%> git clone https://github.com/helixscript/AAVengeR
%> cd AAVengeR
%> ./aavenger.R --list.available.genomes
Available genomes:
refGenome dataSize
----------- ----------
canFam3 13 GB
hg38 17 GB
hs1 17 GB
mm10 15 GB
mm9 15 GB
rheMac10 16 GB
sacCer3 68 MB
%> ./aavenger.R --install.genome sacCer3
%> ./aavenger.R --install.genome hg38
# Build one of the provided test data set configurations.

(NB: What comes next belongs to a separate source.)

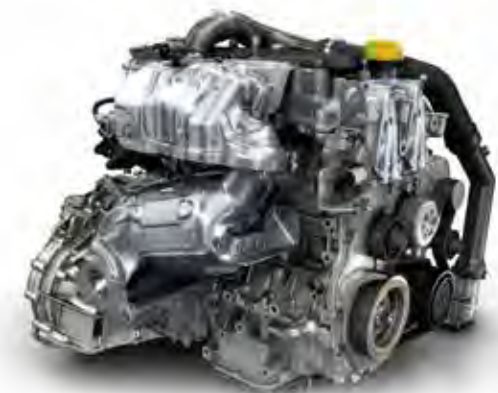
ENERGY TCe 115

*22% weniger Kraftstoffverbrauch und CO 2 -Emissionen beim ENERGY TCe 115 im Vergleich zum 1.6 16V 105.

%> ./buildRunSynSeqData.R data/configFiles/buildSynSeqData_hg38_integrase_100_sites_set1.yml
%> cat data/tests/hg38_integrase_100_sites_set1/result.tsv
exp nSites set percentUniqueRecovery percentTotalRecovery unexpectedSites leaderSeqDist.meanleaderSeqDist.sd
integrase 100 1 90.0% 99.0% 0 0 0
AAVengeR requires two configuration files. The first configuration file contains the list of modules to run, module specific processing parameters, paths to resources, and the path to the second configuration file which defines sample specific parameters. The sample configuration file contains sample specific information such as barcode sequences for demultiplexing, linker sequences, and reference genome against which reads should be aligned.
aavenger.R config.yml
Vector rearrangements
AAVengeR is typically used with data sets where sequencing data captures portions of LTR / ITR sequences followed by genomic junctures and flanking genomic DNA. AAVengeR, via its anchorReadRearrangement module, can estimate the percentage of sequencing reads associated with rearranged vector forms when sequencing reads face inward rather than outward. To run an inward analysis, first, update the default configuration file with the values shown below.
mode: manual
demultiplex_anchorReadsFile: Undetermined_S0_R2_001.fastq.gz # Change to match your data
demultiplex_adriftReadsFile: Undetermined_S0_R1_001.fastq.gz # Change to match your data
demultiplex_index1ReadsFile: Undetermined_S0_I1_001.fastq.gz # Change to match your data
demultiplex_sampleDataFile: sampleData.tsv # Change to match your data
modules:
- demultiplex
- anchorReadRearrangements
demultiplex_level: all
demultiplexs_CPUs: 15 # Change to match your system
anchorReadRearrangements_CPUs: 15 # Change to match your system
In your sampleData file, it is important not to include the optional anchorReadStartSeq column.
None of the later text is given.